The full-scale experiments of Figs. 4, 5, and 6 are conducted on Pleiades, WorldView-3 and IKONOS datasets. In Figs. 4,  5, and  6, Figs. 4(a),  5(a), and 6(a) are the upsampled MS image. Figurse 4(b),  5(b), and  6(b) are the corresponding full-scale PAN image. Figures 4(c)-(i), 5(c)-(i), and 6(c)-(i) show the corresponding fusion results provided by different fusion methods. From the fusion results of three groups of images, we find the result of RBDSD method has a little blurry. The result produced by SRS method suffers serious spectral distortion and oversharpening in spatial. Compared with SRS method, the results obtained by AIMG and SRM methods have lower spectral distortion, and still have some oversharpening in spatial. Compared with AIMG and SRM methods, the results obtained by BDSD and GSA methods are better, but it's worse than the proposed method. Furthermore, we apply three assessment indices including \(D_{\lambda }\), \(D_{S}\), and QNR without ground truth to evaluate the fusion results in Figs. 4, 5, and 6. From Table 3, the proposed method achieves the best values in \(D_{\lambda }\), \(D_{S}\), and QNR indicators for Fig. 4, and obtains the best values in \(D_{S}\) and QNR indicators for Figs. 5 and 6, and obtains the second best value in \(D_{\lambda }\) for Fig. 6. Specially, due to full-scale experiments conducted on real data without ground truth, the results fused by the different methods in Figs. 4, 5, and 6 cannot be measured by PSNR, RASE, RMSE, SAM, and ERGAS indicators. Therefore, above experimental results confirm the proposed method has the best performance in full-scale experiments than other comparsion methods.

Conclusion

In this paper, a novel fusion algorithm based on Bayesian decision is proposed to achieve pansharpening for the PAN and MS images.
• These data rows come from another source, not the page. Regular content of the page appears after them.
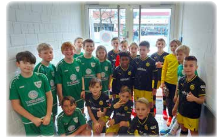
U10 der JSG mit der U10 von Borussia Dortmund.
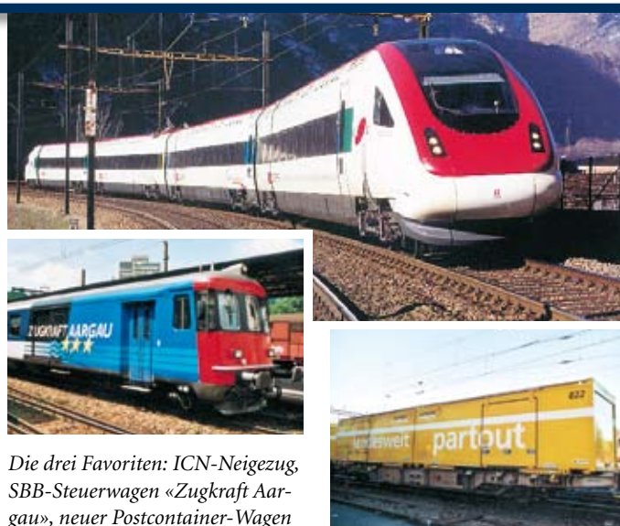
Die drei Favoriten: ICN-Neigezug, SBB-Steuerwagen «Zugkraft Aargau», neuer Postcontainer-Wagen

Das Resultat unserer Umfrage im letzten RailMail kam nicht ganz überraschend: Die meisten Leser/innen wünschten sich als nächstes HAG-Modell den ICN-Neigezug. Details zum Umfrageergebnis zeigt die nachstehende Tabelle.
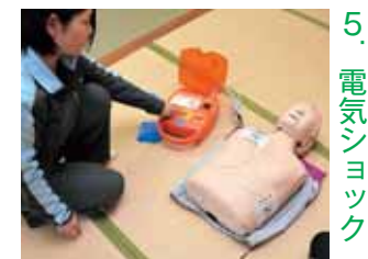
5. 電気ショック 充電完了後、誰も傷病者に触れていないことを確認し、ボタンを押す
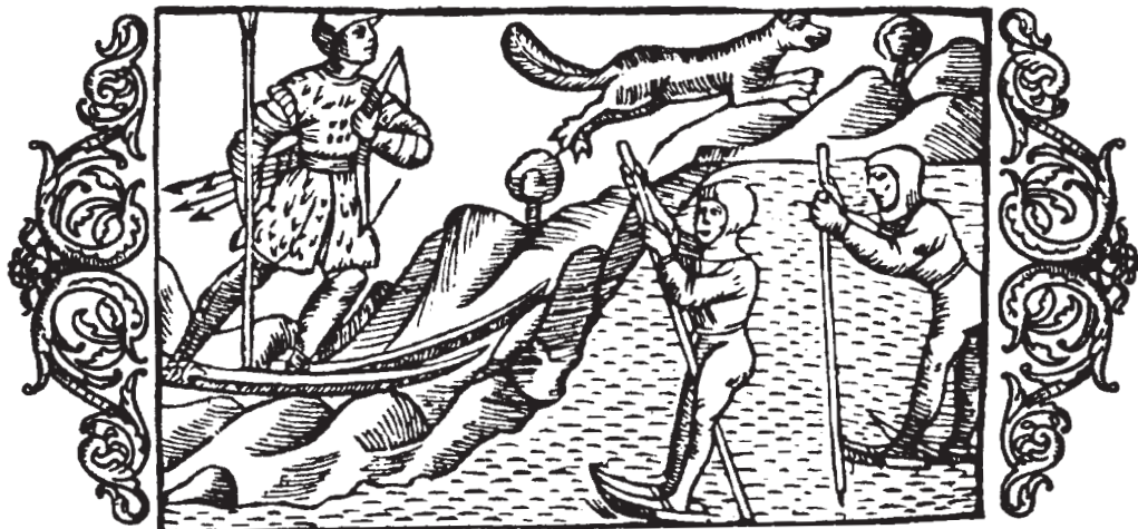
Skiløb og skilskøjteløb på isen (Olaus Magnus: Historia om de Nordiska Folken , 20. Bog, kap. 17).

af en stang på fod med en spids fane, hvorpå to pile krydser hinanden.

In the proposed method, an observation model based on Bayesian estimation is firstly established to serve the remote sensing images fusion. Then, three categories of probabilities based on the intrinsic properties of the PAN and MS images to be calculated to construct Bayesian formula. Finally, Bayesian decision theory is introduced to design a fusion rule, which are employed to obtain a new I component to replace the original I component to produce a high-quality HRMS image. Experimental results on full-scale and reduce-scale data from Pleiades, WorldView-3, and IKONOS datasets indicate that the proposed method has better performance than some related and popular existing fusion methods.